BARBOI (AFP).- At his home in central Romania with hens and turkeys wandering in the courtyard, Vasile Nica welcomes visitors who have come to hear him play a unique stringed instrument that is facing oblivion.
Under the shade of an apple tree with coffee, house wine and cakes laid out on the table, Nica starts to pluck his 80-year-old wooden cobza with a goose quill.
At 73, he is one of the last traditional players of the "Romanian oud". It is a long journey over potholed roads through the hilly countryside to find the musician in his native village of Barboi.

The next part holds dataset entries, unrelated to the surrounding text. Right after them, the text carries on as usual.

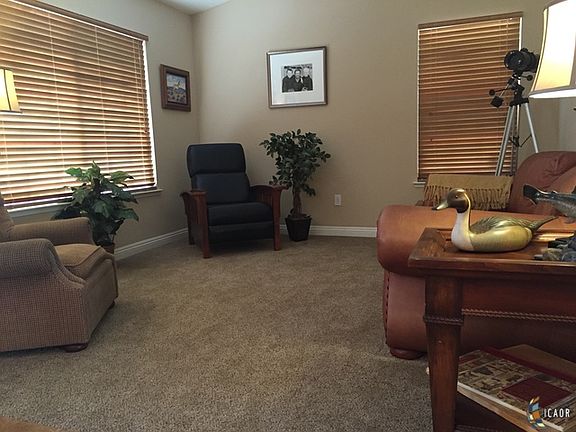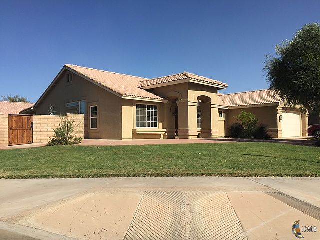 Beautiful home located in a desired area of Brawley, sitting on a corner lot, walking distance to the park. What more could you ask for? When you first enter this lovely home, you will notice the openness of the floor plan. To the right is the large dining area and to your left will be the living room. Continuing into the house will be the den/family room, TV area, kitchen with an eating bar and a breakfast nook. Many windows that are nicely covered in blinds. The master bedroom/master bath is located on the west side of the house and the remaining bedrooms are located on the east side along with the hall bath. The laundry room is extra large and it leads to the garage that has mega storage. From the den you will see the large covered patio, nicely tiled and perfect for entertaining. This home is a must see.
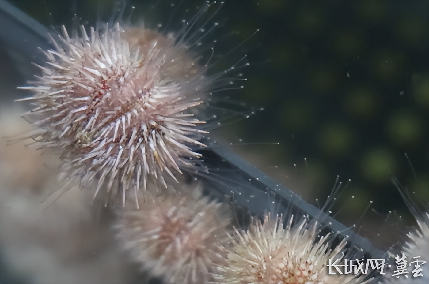 乐亭县隆伟海洋牧场有限公司海胆养殖基地的虾夷马粪海胆。乐亭县委宣传部 供图
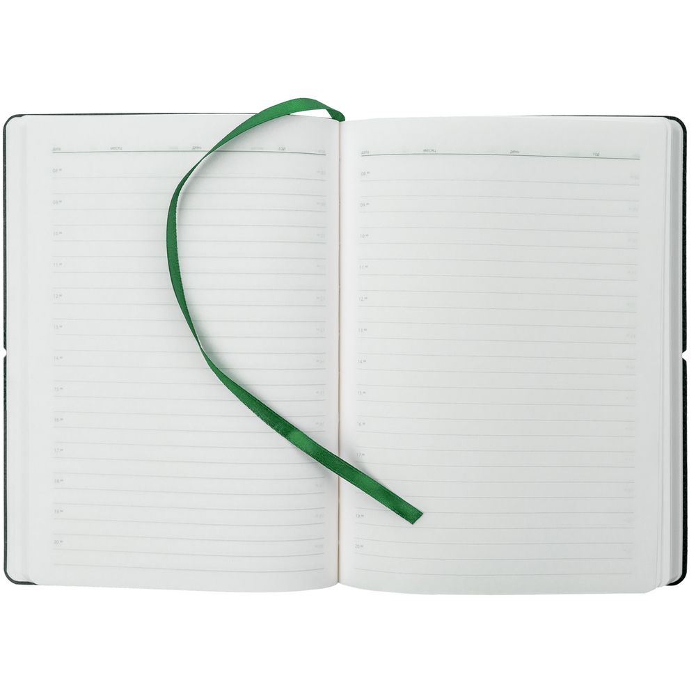Гибкая обложка из материала Filigrana Melange, светло-зеленый YY. Материал имитирует меланжевую ткань. Резинка с захватом зеленого цвета.Блок 986, недатированный:Кол-во страниц — 256;Календарь на 4 года;Тонированная бумага.Ежедневник поставляется в шубере. Цвет: зеленый. Размер изделия: 15х21 см. Материал: искусственная кожа. Возможные виды нанесения: УФ-печать; Тиснение; Шелкография с трансфером; Шелкография (1 цвет);
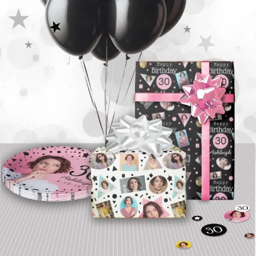 Pink Black White Confetti Photos 30th BirthdayOntworpen door Mindy Pierce
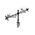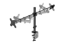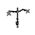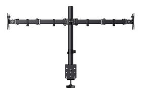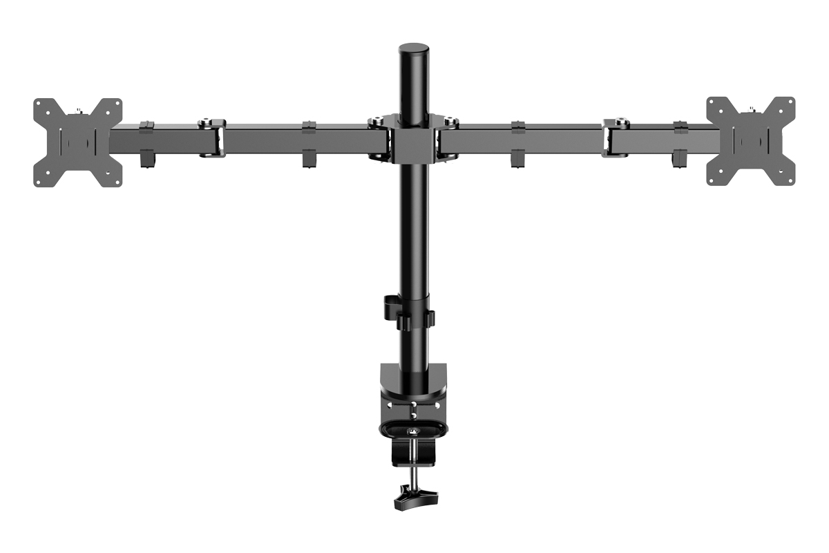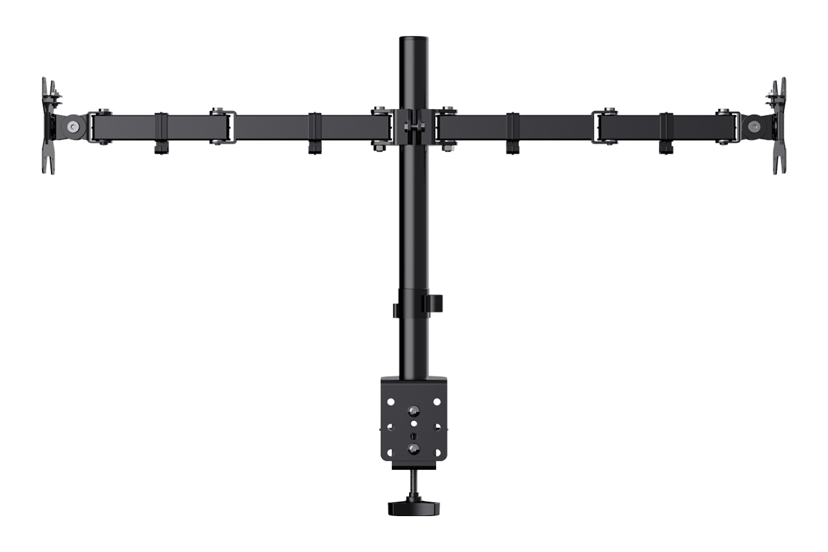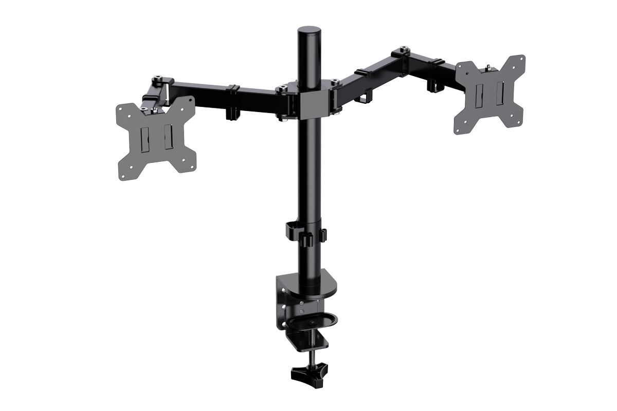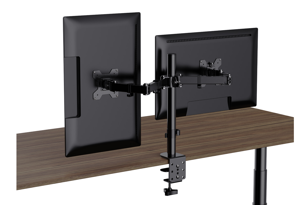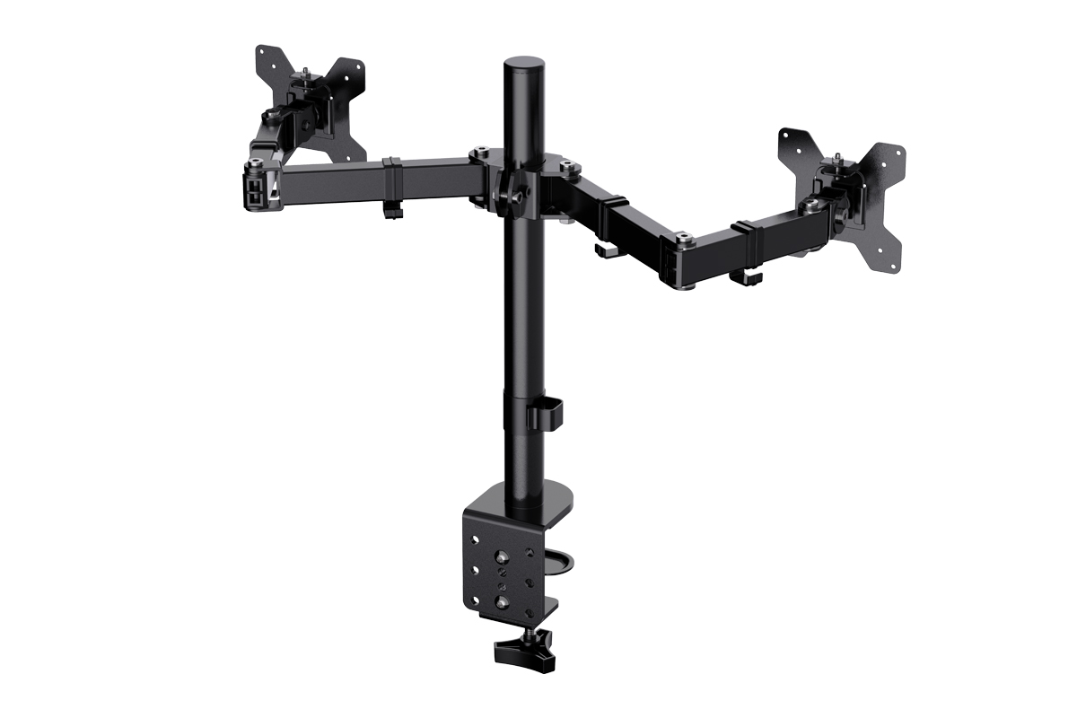 Двойной настольный кронштейн выручит в исключительных ситуациях – когда вам нужно установить на одно рабочее место одновременно два монитора или телевизора. Положение каждого из дисплеев гибко регулируется в индивидуальном порядке. В частности меняются: угол наклона по вертикали (±90°) и по горизонтали (все 360°), угол поворота, а также длина выноса. Плюс, можно изменить высоту подъёма, но уже одновременно для обоих экранов. Установка выполняется на столешницы с отверстием и без.
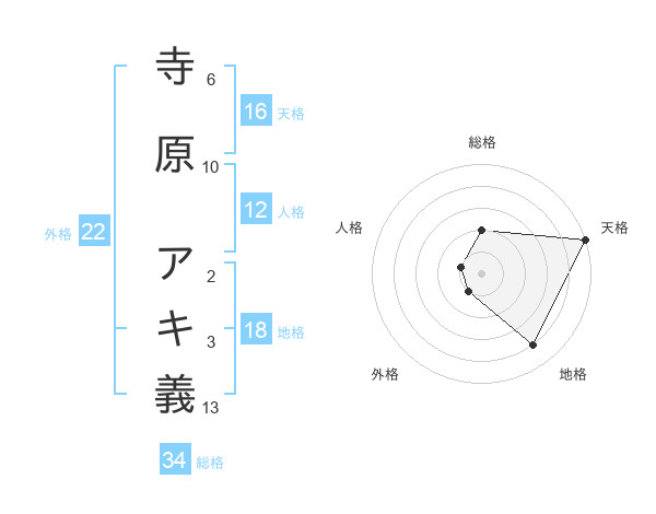 寺原 アキ義さんの天格は16画の5点!
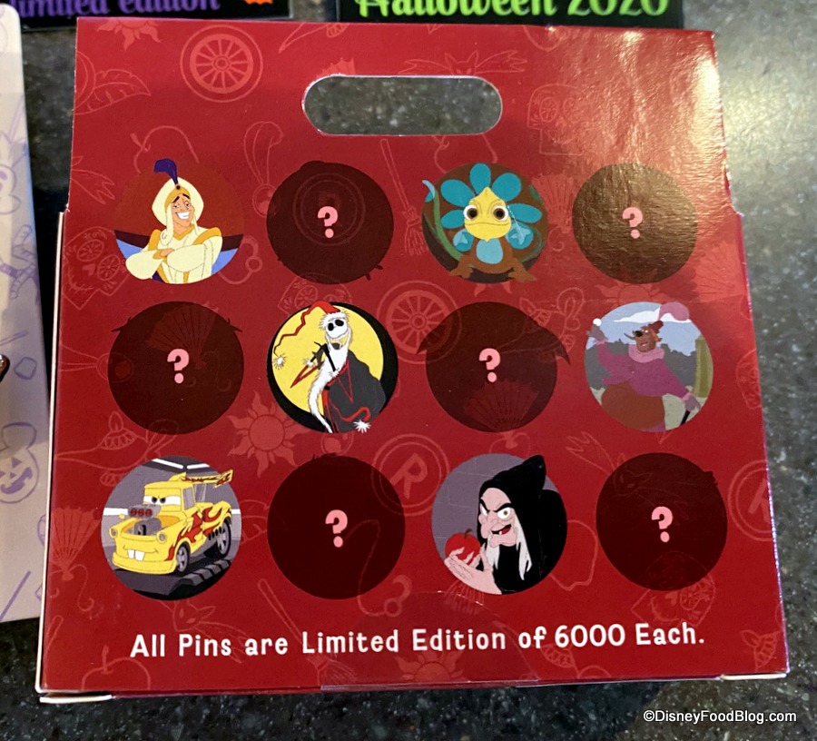 The other boxed pins feature Little John (!!), Jack Skellington (he’s here today, too!), and the transformed Evil Queen (ready with her Poisoned Apple) among the selection. Of course, you may end up with a mystery pin from the bunch!

"When I have the cobza in my arms, I feel happy, I feel like my soul is expanding. I don't need food, I don't need anything anymore," says Nica in his dark suit and spotless white shirt, eyes sparkling with delight.
With violinist Marian Ilie, they sing about love, the forests of their homeland, or they improvise songs inspired by their guests.
But the cobza is in danger of playing its last notes as few masters of the instrument remain, and Romanian music lovers are working to save this integral part of the country's cultural heritage.
A Romanian cousin of the oud and the lute, the cobza consists of a half-pear shaped resonance box with pegs placed on a neck bent back at an angle.
It can be found painted on the walls of the 16th-century UNESCO-listed monasteries in the Bucovina region as well as in frescoes at the National Museum of Arts in Bucharest.
"In the 19th century, it was unthinkable in certain parts of Romania to have a wedding, a christening or a party without a cobza," Florin Iordan, a Romanian ethnomusicologist at the National Peasant Museum, tells AFP.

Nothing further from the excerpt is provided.